■ Provided data:
········
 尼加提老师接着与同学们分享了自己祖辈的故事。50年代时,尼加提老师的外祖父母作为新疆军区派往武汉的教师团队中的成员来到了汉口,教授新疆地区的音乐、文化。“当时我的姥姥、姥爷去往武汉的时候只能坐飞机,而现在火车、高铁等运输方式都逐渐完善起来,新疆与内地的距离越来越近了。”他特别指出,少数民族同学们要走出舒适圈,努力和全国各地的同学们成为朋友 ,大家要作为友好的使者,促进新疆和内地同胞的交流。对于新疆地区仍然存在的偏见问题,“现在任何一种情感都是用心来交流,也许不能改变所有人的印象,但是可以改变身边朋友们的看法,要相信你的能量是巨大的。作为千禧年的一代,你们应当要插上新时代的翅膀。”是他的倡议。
········
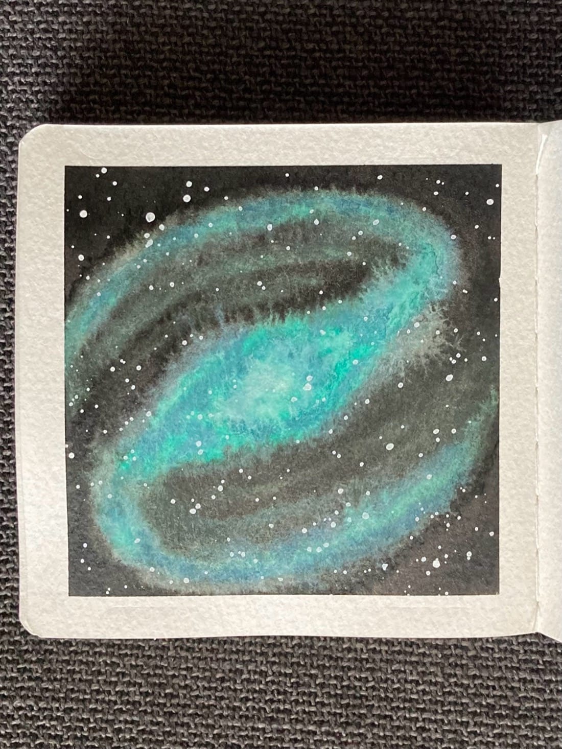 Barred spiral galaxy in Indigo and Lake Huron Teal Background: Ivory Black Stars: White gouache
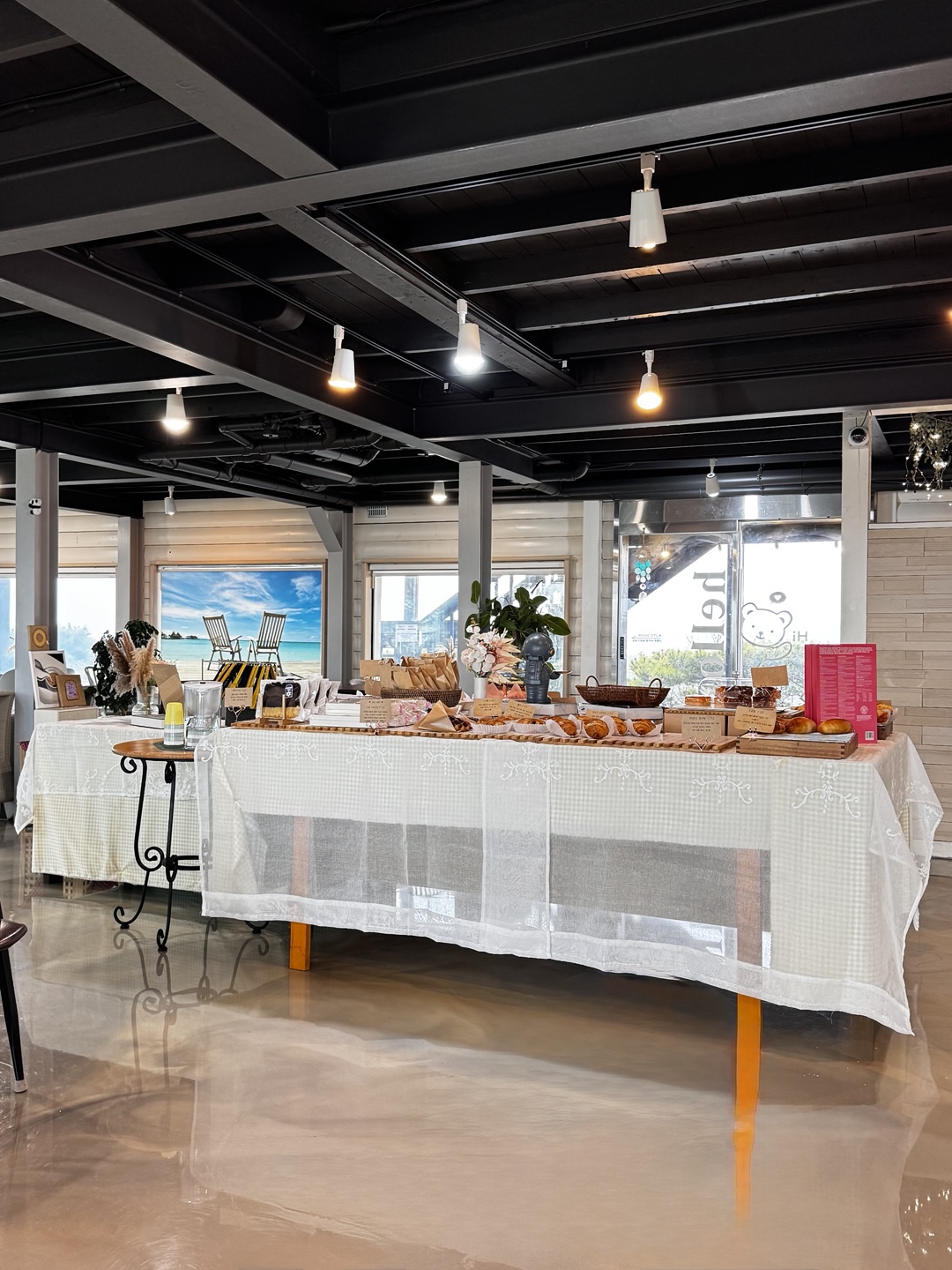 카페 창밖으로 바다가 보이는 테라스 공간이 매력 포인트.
········
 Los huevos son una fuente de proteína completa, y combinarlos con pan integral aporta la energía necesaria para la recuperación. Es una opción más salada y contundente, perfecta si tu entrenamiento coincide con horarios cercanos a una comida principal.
········
■ Goal of the exercise: Copy everything above from the line holding "Barred spiral galaxy" down to the line holding "카페 창밖으로 바다가 보이는 테라스 공간이 매력 포인트.", both ends included, exactly as it stands and without the pictures.

■ Your response:
 Barred spiral galaxy in Indigo and Lake Huron Teal Background: Ivory Black Stars: White gouache
 카페 창밖으로 바다가 보이는 테라스 공간이 매력 포인트.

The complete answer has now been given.